Directions for this task:
Copy the data that follows exactly, and include none of its images.

Data:

___

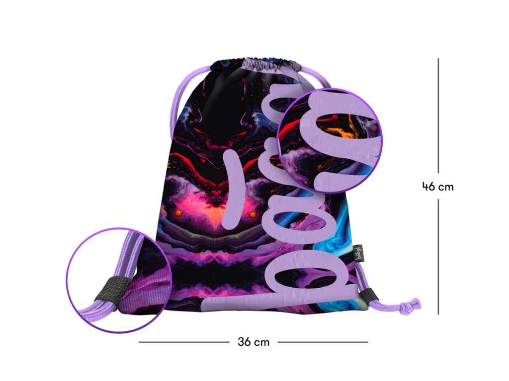 Univerzální sáček na obuv nebo drobnosti z pevného omyvatelného materiálu. Uzavírá se pomocí tkanic, které umožňují pohodlné nošení na zádech.
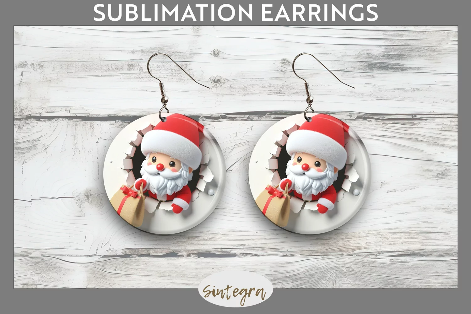 3D Christmas Santa v32 Round Earrings Sublimation example image 1
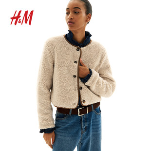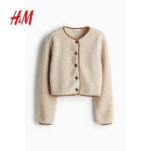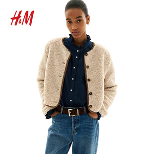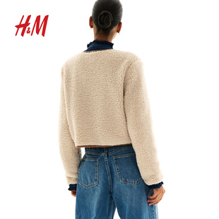 圆领长袖 新款 垫肩泰迪绒绒感外套1284360 短外套2025冬季 HM女装
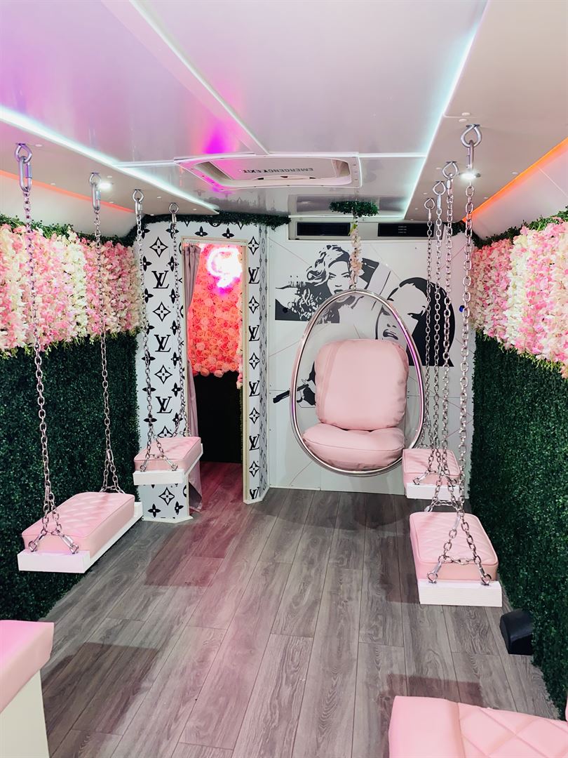 Welcome to Mobile Event Venues of Atlanta! We’re an all-pink, all-girl, Mobile Event Venue and Content Studio located in Atlanta and soon my hometown Houston, TX. MEVA specializes in mobile celebrations that are uniquely designed for the social media butterfly, influencer, or photographer. This bus is perfect for bridal showers, birthday milestone celebrations, bachelorette parties, girls trips, Winery experiences and so much more!

___

Response box:
 Univerzální sáček na obuv nebo drobnosti z pevného omyvatelného materiálu. Uzavírá se pomocí tkanic, které umožňují pohodlné nošení na zádech.
 3D Christmas Santa v32 Round Earrings Sublimation example image 1
 圆领长袖 新款 垫肩泰迪绒绒感外套1284360 短外套2025冬季 HM女装
 Welcome to Mobile Event Venues of Atlanta! We’re an all-pink, all-girl, Mobile Event Venue and Content Studio located in Atlanta and soon my hometown Houston, TX. MEVA specializes in mobile celebrations that are uniquely designed for the social media butterfly, influencer, or photographer. This bus is perfect for bridal showers, birthday milestone celebrations, bachelorette parties, girls trips, Winery experiences and so much more!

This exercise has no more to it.